Parmesan (Parmigiano Reggiano, /it/) is an Italian hard, granular cheese produced from cow's milk and aged at least 12 months. It is a grana-type cheese, along with Grana Padano, the historic Granone Lodigiano, and others.

The term Parmesan may refer to either Parmigiano Reggiano or, when outside the European Union and Lisbon Agreement countries, a locally produced imitation.

Parmigiano Reggiano is named after two of the areas which produce it, the Italian provinces of Parma and Reggio Emilia (Parmigiano is the Italian adjective for the city and province of Parma and Reggiano is the adjective for the province of Reggio Emilia); it is also produced in the part of Bologna west of the River Reno and in Modena (all of the above being located in the Emilia-Romagna region), as well as in the part of Mantua (Lombardy) on the south bank of the River Po.

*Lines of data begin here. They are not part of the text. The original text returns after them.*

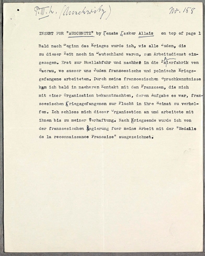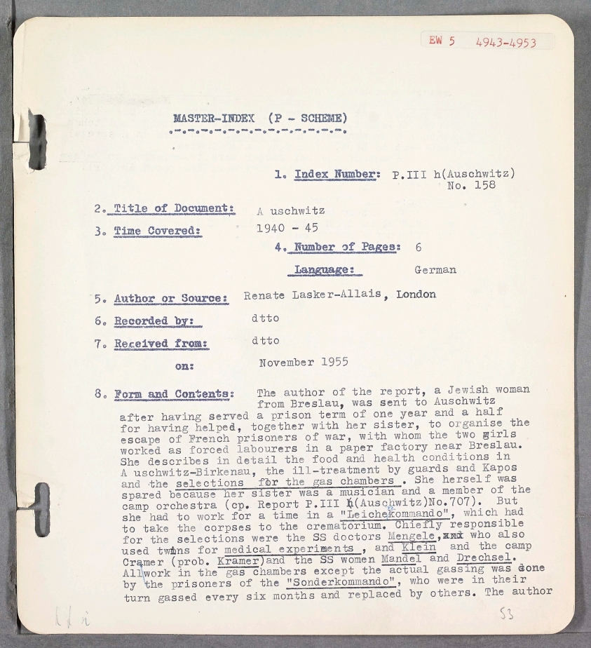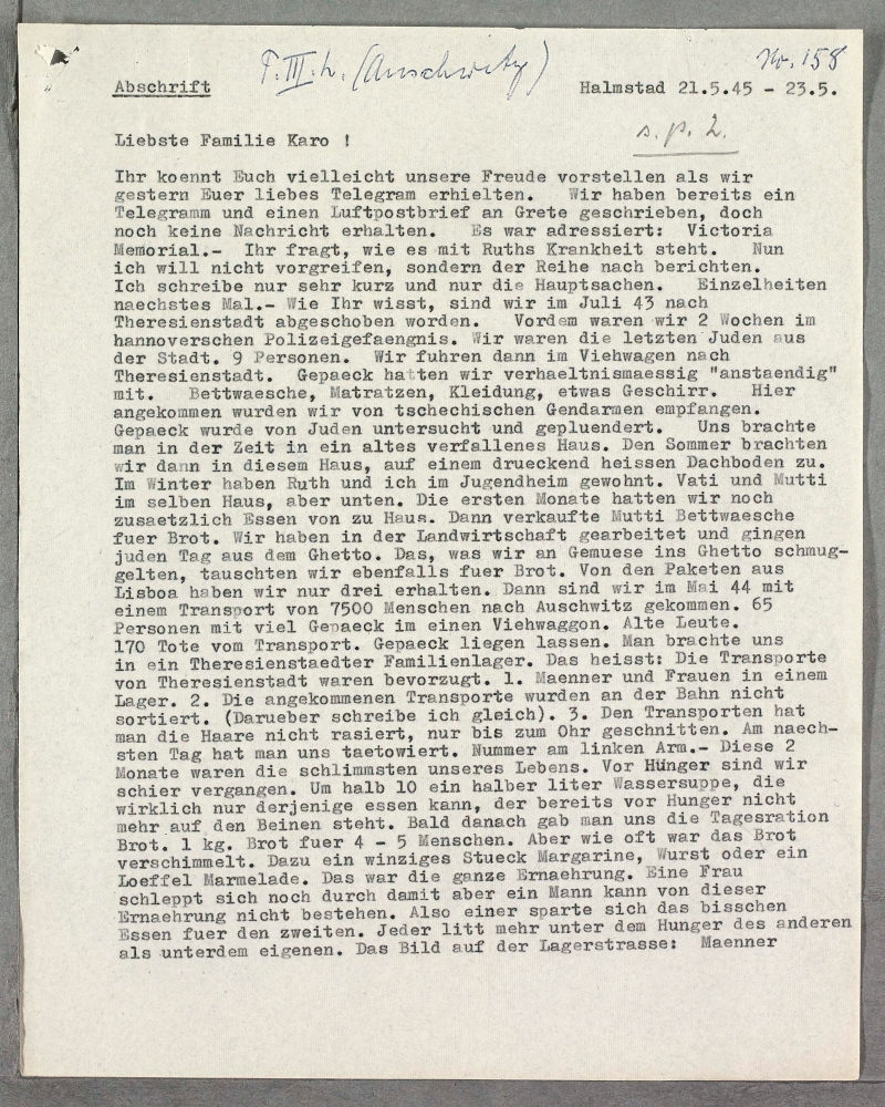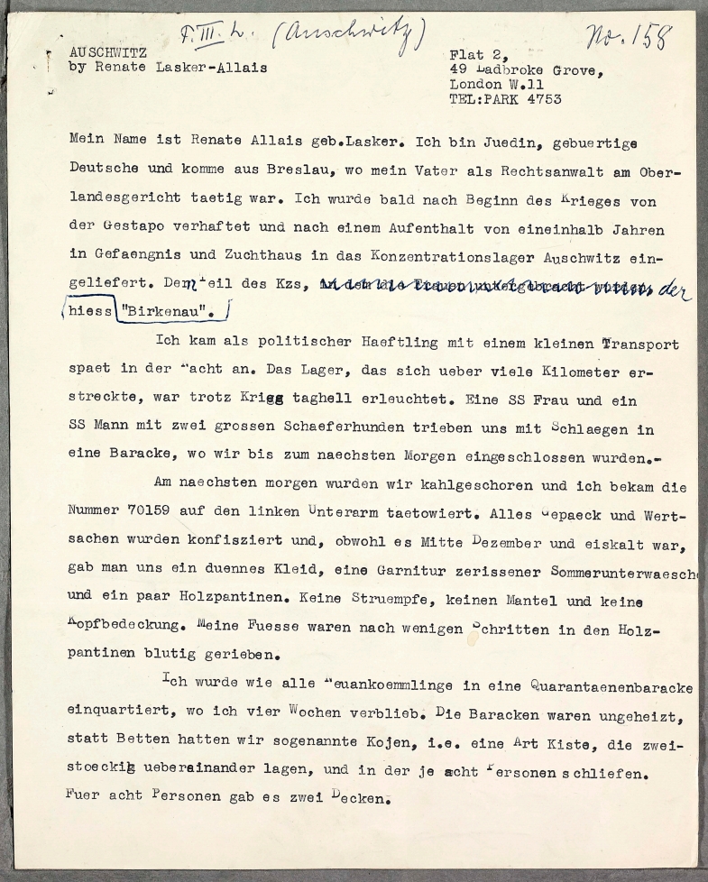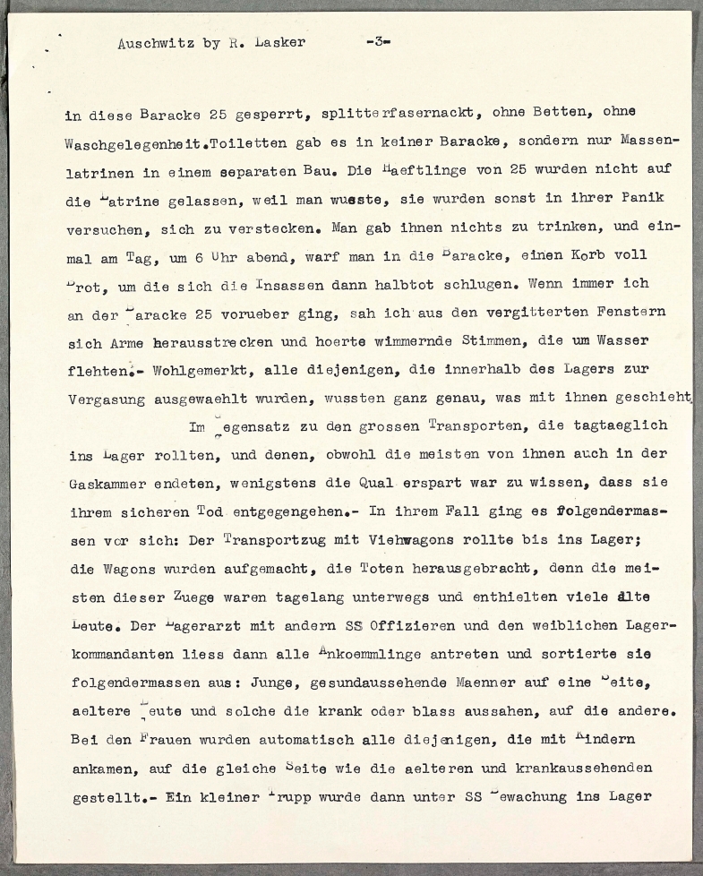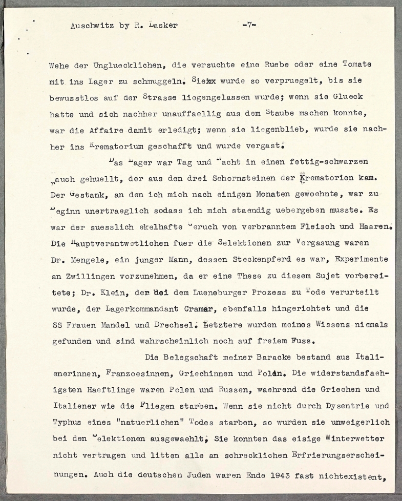 Ich erkrankte zwei Wochen nach meiner Ankunft in Auschwitz an Flecktyphus, einer Krankheit, die jeden Winter im Lager grassierte und nicht bekaempft werden konnte, da wir alle voellig verlaust waren, und der Flecktyphusbazillus sich durch Laeuse uebertragt. Ich wurde zweimal zur Vergasung aufgeschrieben, wurde aber beide mal im letzten Moment gerettet; das erste mal, weil meine Schwester, die dem Lagerorchester angehoerte, an die Lagerkommandanten appellierte, die eine schwaeche fuer Musik hatte [sic!], und das zweite mal weil einer der Selektionsoffiziere namens Hessler, der uebrigens seitdem in Hameln hingerichtet wurde, einen Moment menschlich wurde und meine Nummer wieder ausstrich.
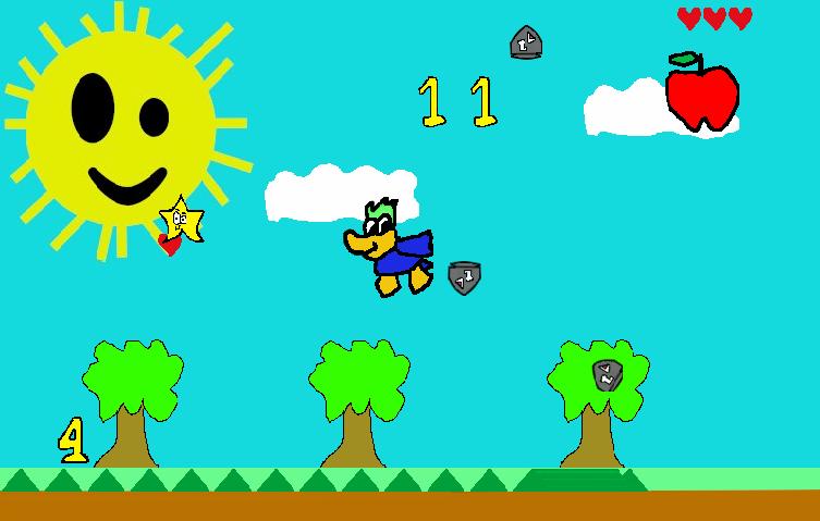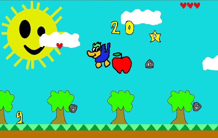 Move Peter the flying duck with your finger (tap or keep touching screen and moving), avoid the small projectiles ( bullets ), and caught stars, hearts and apples
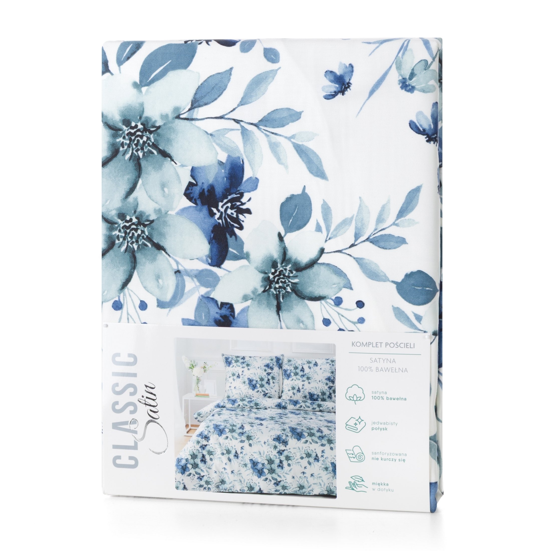 Komplet pościeli Spring 54, uszyto z wysokiej jakości satyny bawełnianej z nadrukiem kwiatów. Pościel została wyprodukowana na zlecenie marki Eurofirany. Nowoczesna technika nadruku rotacyjnego, gwarantuje wyrazisty wzór, nasycone kolory bieli i chabru to niezwykłe przejścia kolorystyczne które sprawia, że nadruk nie traci swojej intensywności, nawet po wielu praniach. Proces sanforyzacji, daje gwarancję niezmienności rozmiaru, dzięki niemu pościel nie kurczy się nawet po wielu praniach. Pościel o gramaturze 115g/m² nie podrażnia skóry, jest przewiewna i niezwykle miła dla ciała.
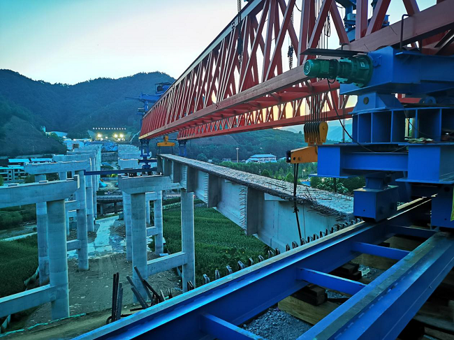 伊河大橋為左右分離式大橋,跨地方水泥路、國道311和伊河,沿線(xiàn)有不少村莊住戶(hù),對施工安全環(huán)保方面有更高要求。為此項目部專(zhuān)門(mén)增設灑水車(chē)、霧炮以及噴淋系統,并用硬質(zhì)擋板與居民生活區分開(kāi)。伴隨著(zhù)機械的轟鳴聲,牽引車(chē)將T梁緩緩運至施工點(diǎn)位,經(jīng)過(guò)施工人員半個(gè)小時(shí)的努力,提梁、位移、落梁等工序一氣呵成,T梁一次安裝就位,在場(chǎng)人員共同見(jiàn)證了這激動(dòng)人心的時(shí)刻。
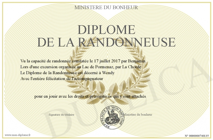 Envoyez par email votre Diplôme de la Randonneuse personalisé

The names Parmigiano Reggiano and Parmesan are protected designations of origin (PDO) for cheeses produced in these provinces under Italian and European law. Outside the EU, the name Parmesan is legally used for imitations, with only the full Italian name unambiguously referring to PDO Parmigiano Reggiano. A 2021 press release by the Italian farmer-rancher association Coldiretti reported that, in the United States, 90% of "Italian sounding" cheese sold as parmesan, mozzarella, grana, and gorgonzola was produced domestically.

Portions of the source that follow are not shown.